Le 05/04/2022, la division d’opposition rend la présente
DÉCISION:
1. L’opposition no B 3 136 474 est accueillie pour tous les produits contestés.
2. La demande de marque de l’Union européenne no 18 235 877 est rejetée dans son intégralité.
3. La demanderesse supporte les frais, fixés à 620 EUR.
MOTIFS
Le 11/12/2020, l’opposante a formé une opposition contre tous les produits visés par la demande de marque de l’Union européenne no 18 235 877 «Komali» (marque verbale). L’opposition est fondée, entre autres, sur l’enregistrement de la marque de
l’Union européenne no 12 440 129. L’opposante a invoqué l’article 8, paragraphe 1, point b) du RMUE.
Risque de confusion — article 8, paragraphe 1, point b), du RMUE
Constitue un risque de confusion le risque que le public puisse croire que les produits ou les services en cause, dans l’hypothèse où ils portent les marques en question, proviennent de la même entreprise ou, le cas échéant, d’entreprises liées économiquement. L’existence d’un risque de confusion dépend de l’appréciation, lors d’une évaluation globale, de plusieurs facteurs interdépendants. Ces facteurs incluent la similitude des signes, la similitude des produits et services, le caractère distinctif de la marque antérieure, les éléments distinctifs et dominants des signes en conflit et le public pertinent.
L’opposition est fondée sur plus d’une marque antérieure. La division d’opposition juge approprié d’examiner en premier lieu l’opposition par rapport à l’enregistrement de la marque de l’Union européenne no 12 440 129 de l’opposante;
Décision sur l’opposition no B 3 136 474 Page sur 2 6
a) Les produits Les produits sur lesquels l’opposition est fondée sont, entre autres, les suivants:
Classe 30: Café, thé, cacao, sucre, riz, tapioca, sagou, succédanés du café; farines et préparations faites de céréales, pain, pâtisserie et confiserie, glaces comestibles; miel, sirop de mélasse; levure, poudre pour faire lever; sel, moutarde; vinaigre, sauces (condiments); épices; glace à rafraîchir; sandwiches; plats préparés; pizzas, tourtes et plats à base de pâtes.
Les produits contestés sont les suivants:
Classe 29: Plats préparés à base de viande [la viande étant la plus grande]; plats préparés principalement à base de légumes; plats préparés principalement à base de poisson; plats préparés principalement à base de succédanés de viande.

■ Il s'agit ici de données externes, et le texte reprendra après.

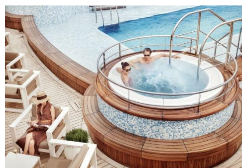
Pool Deck & Jacuzzi Area 泳池甲板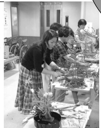
作品展に向けて真剣に生けこみ中。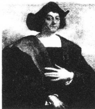
Óleo atribuido a Sebastiano del Piombo (1519).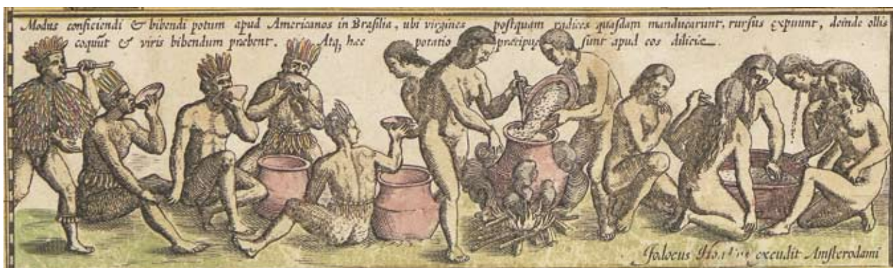
Figura 3 – Índios preparando e consumindo o cauim. Detalhe da “America” de Jodocus Hondius (ca. 1606).

conspícua mostra uma família de indígenas seminus aquecendo-se nas chamas de uma fogueira acesa no bojo de uma frágil embarcação (Figura 4). Encontrado em outros mapas do mesmo autor, esse curioso detalhe diz respeito aos primeiros contatos com os Alakaluf, nação de índios canoieiros do Estreito de Magalhães e arredores mencionada por cerca de 16 relatos dos séculos XVI e XVII 26 .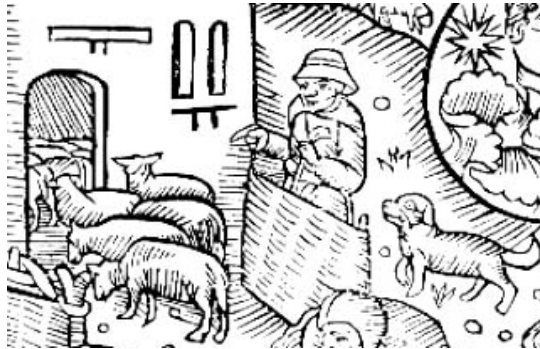
Calendrier des bergers

Demourèvan in tsan douè zure o pe pré. Oyan l'uro, ou ovisèvan le sulè, ou be nou sunèvon. E kan nôtron bétya ère sølu, olèvan clöre. Gôlèvan in pouo fôr : "Ô clöre ô... ô clöre ô !" Lé vatse compregnon. Lo prumère filève, in tète, le z'otre chudyon, avec le tche è le bordjé. In orivan po lo cour olèvon biöre vé le batsa. Le tche ère étye po le z'impotsa de se batre. Opré, rintèvon vé l'étrablu, tsakuno o louro plache. Le z'ototsèvan ô lo tsèno o louro crèpye, clôyan lé fè è lé tchôre è dunèvan in bon truya de pan ô tche : l'oye bian mérito. E vetyo, nôtron bétya ère clôyu, djuko notre vè.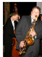
Jazz-Nacht in der Altstadt am 25. August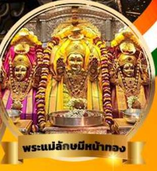
พระแม่ลักษมีหน้าทอง

ไหว้มหาคเณศ 8 ปางมหาขงคล พร้อมองค์ศักดิ์สูงเศรชฐี และองค์สิทรีวินายก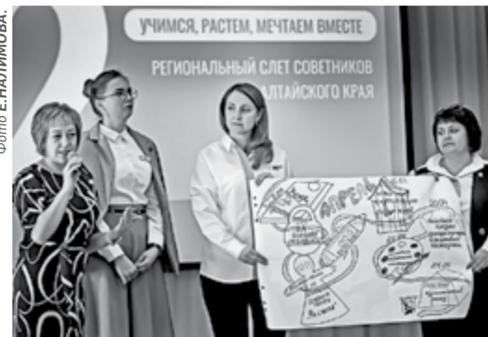
Мероприятия - по единому календарному плану.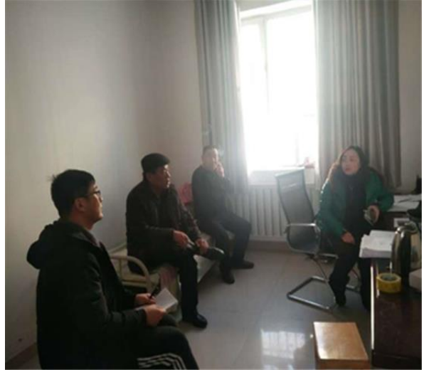
与塔城恰夏镇恩喀德克村驻村工作队交流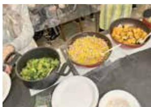
▲みんなで調理したごはん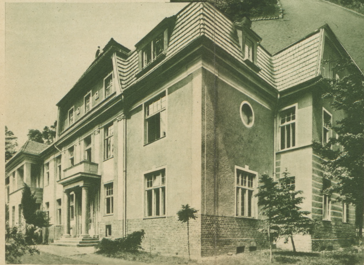
▼ Sanatorium dla uzdrowieńców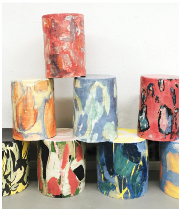
François Bauer, Série de Tabourets , 2025 Faïence, oxydes, émail. 40 x 29 cm Ø, 38 x 37 cm Ø Réalisé en partenariat avec l'IEAC de Guebwiller. Production : La Kunsthalle Mulhouse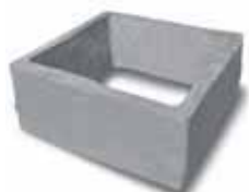
Prolunga norm. h.20/25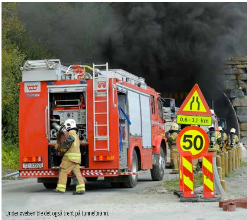
Under øvelsen ble det også trent på tunnelbrann.

Hva skjer når et massivt fjellskred med påfølgende tsunami utløses i Lyngen i Troms? Dette var scenarioet for øvelse Barents Rescue.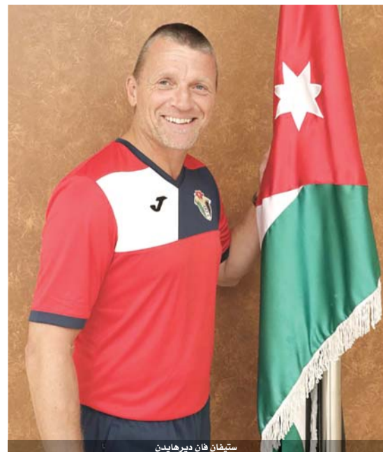
ستيفان فان ديرهايدن

Classe 30: Tortillas; chips tortillas; en-cas à tortilla; services de salsas; condiments alimentaires composés principalement de ketchup et de salsa; plats préparés à base de riz; plats préparés principalement à base de pâtes alimentaires.
Les facteurs pertinents en ce qui concerne la comparaison des produits ou services incluent, en particulier, la nature et la destination des produits ou services, les canaux de distribution, les points de vente, les producteurs, l’utilisation ainsi que leur caractère concurrent ou complémentaire.
Produits contestés compris dans la classe 29
Les plats préparés à base de viande contestés [la viande prédomine]; plats préparés principalement à base de légumes; plats préparés principalement à base de poisson; les plats préparés principalement composés de substituts de viande sont similaires aux plats préparés de l’opposante compris dans la classe 30 parce qu’ils coïncident par leur utilisateur final, leurs canaux de distribution et leur fabricant.
Produits contestés compris dans la classe 30
Les services contestés « salsas»; les condiments alimentaires composés principalement de ketchup et de salsa sont inclus dans la vaste catégorie des sauces (condiments) de l’opposante ou les chevauchent. Dès lors, ils sont identiques.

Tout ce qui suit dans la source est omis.